The so-called carbon trading system is aimed at carbon emission trading centers in the EU that exceed the scope of enterprises' own carbon emission permits and need to purchase the excess emission permits through a third-party trading platform. The EU ETS is one of the world's largest and most influential carbon trading markets, and it is a key policy tool implemented by the European Union (EU) to combat climate change and reduce greenhouse gas emissions. The core goal of the EU ETS is to encourage companies to reduce carbon emissions, encourage companies in EU countries and participating countries to reduce carbon dioxide and other greenhouse gas emissions, promote clean energy use mechanisms, and promote sustainable economic development through carbon trading and carbon pricing.
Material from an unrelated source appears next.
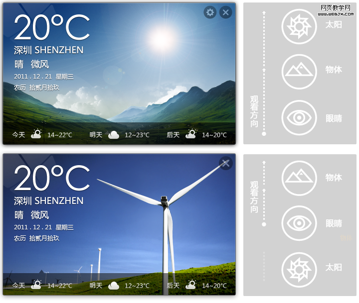 【图6】上半图为晴天的向光的天气展示,下半图为背光的天气。虽然有太阳的图片更加直观地感受到天晴的氛围。但是由于一般情况,人眼被太阳直射都会感觉到不适。而背向阳光观察事物的时候却是清晰、舒适,因此下半图的设计我们强调的是给人愉悦的感觉,在一轮反复验证之后,下图的方案被采用,并且也很快在用户的反馈中得到了肯定的声音。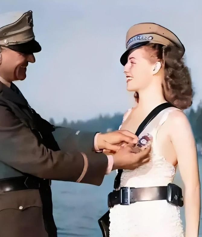 上世纪30年代,美国一位女的警授勋仪式。这位女警身穿宽大的军帽,腰间佩戴着威风凛凛的警用皮带和枪支。她散发出清秀动人的面容和高挑迷人的身姿,无法抗拒地吸引着人们的目光。

The detailed background, principles of operation, goals, effectiveness, and impact on climate policy of the EU ETS are as follows.
I. Background and History
The history of the EU ETS EU emissions trading system can be traced back to its official launch in 2005 and is one of the early climate policies adopted by the European Union. The EU began to pay attention to climate change in the early 1990s and committed to reducing greenhouse gas emissions in the 1997 Kyoto Protocol. To achieve this. It was established on the basis of the European Greenhouse Gas Emissions Trading Directive (EU ETS Directive) in 2003, which establishes carbon emission limits for the industrial, energy, and transportation sectors within Europe. The implementation of this system aims to reduce carbon emissions, encourage companies to invest in cleaner and environmentally friendly technologies, and lay the foundation for Europe to achieve its greenhouse gas emission reduction targets by 2020 and 2030.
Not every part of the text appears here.